Answers to Chi-square Lab #2

10/4/01

This page is intended for partial answers to some of the questions raised in this lab. It is not my intent to answer everything. I have amended it on 6/3/2003 because someone cited it as semi-authoritative, and when I read it over I found things that I wish I had said better..

The data table was:

 

Survived

Died

Total

Ritonavir

472

71

543

Placebo

399

148

547

Total

871

219

1090

Results

This table should be pretty clear. The chi-square is the one that we would calculate by hand. The Continuity correction is something that I suggest in the book that you ignore, so I won't expand on that. The likelihood ratio is another way of computing chi-square, which also has a chi-square distribution assymptotically, which means that it would be distributed as chi-square if we had an infinite number of cases. (Actually, both Pearson's chi-square and the Likelihood ratio chi-square are asymptotically distributed as the chi-square distribution. Neither are exactly chi-square for N < infinity, although they both approach it rapidly. Pearson is usually a better statistic for small sample sizes.) Fisher's exact test is just that--it is exact, but only if we assume that the the row and column totals are fixed, or, alternatively, if we wish to take Fisher's "resampling" approach to hypothesis testing. (But there are strong arguments why fixed marginals (called conditioning on the marginals) is not a bad idea.)

  

This table has some problems as far as I am concerned. It isn't that the numbers are wrong, but that the labels don't seem to tell me what the numbers tell me.

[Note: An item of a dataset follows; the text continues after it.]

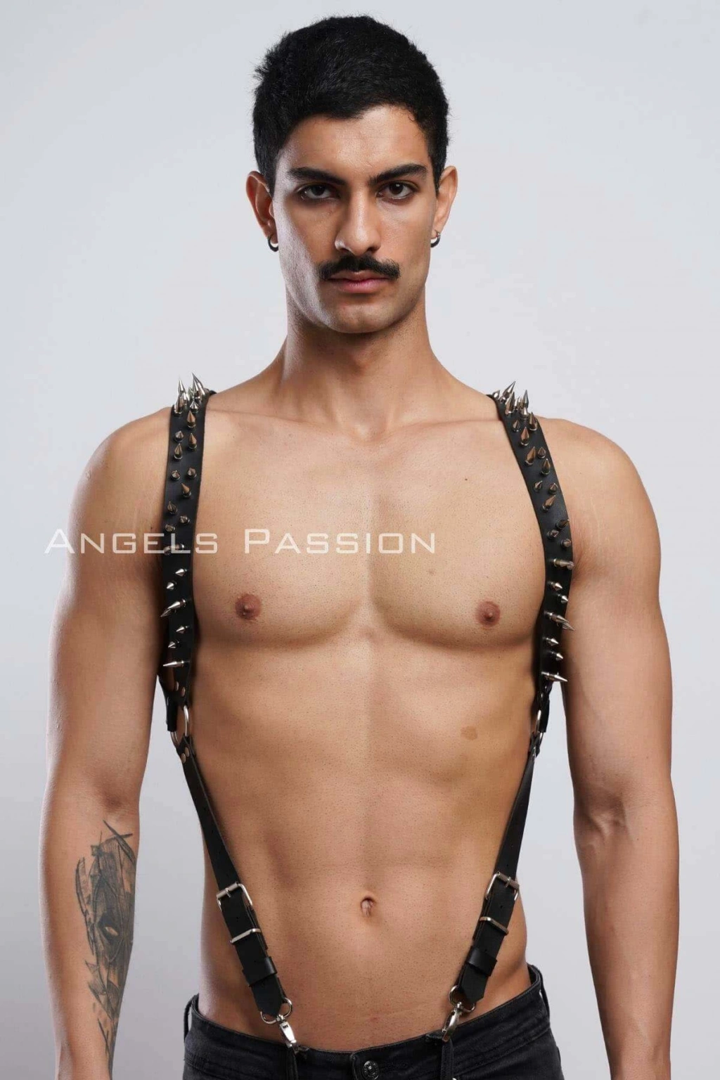 Çivi Detaylı Erkek Göğüs Harness, Erkek Clubwear, Deri Erkek Harness - APFTM203

First of all, the odds ratio is correct, but it refers to the ratio of the odds of dying if you are in the Placebo group relative to the odds of dying if you are in the Ritonavir group. The odds of dying are 2.466 times greater if you are in the Placebo group. Taking the inverse, the odds of dying are .406 times smaller if you get Ritonavir.  Those numbers are just the inverse (i.e. 1/x) of each other. I know that is what those numbers mean, but I can't get my head to read the row label in a way that says that.

Now go down a row. I thought, erroneously, that I would be getting the odds for the Died group and the odds for the Survived group in those next two rows. That is not what I get. First of all, the table is headed Risk Estimate, and we got it by clicking Risk in the dialog box. But risk and odds are different things. Risk refers to the kinds of numbers I like, while odds refers to the kinds of numbers bookies like. The odds of dying if you are in the Ritonavir group are 71/472 = .1504. The risk of dying if you are in the Ritonavir group are 71/(472 + 71) = 71/543 = .1308. This says that 13% of the Ritonavir subjects died. Of course, neither of these numbers appears in the table above. But if you take the risk of dying in the Placebo group, divided by the risk of dying in the Ritonavir group, you get .2707/.1308 = 2.069, which is a number you see above. In other words, the second line is giving you risk ratios, rather than odds ratios. and it is the relative risk of dying. The relative risk of surviving if you were in the Placebo group is .839.

So, I know what the numbers mean, but I don't see any way of pairing that knowledge with what the labels on the rows say. I'm sure that there is an obvious explanation, but I can't see it. If anyone else does, please let me know.

But while I am here, I should tell you a few things that will be helpful. First of all, you would do well to read something about risk and relative risk. A very brief search of Google turned up http://www.shef.ac.uk/uni/projects/wrp/risk.html. This is a very nice web page, partially because it was written by someone who was using numbers to try to figure out stuff like this--in other words, it wasn't written by someone who knew too much. I recommend it.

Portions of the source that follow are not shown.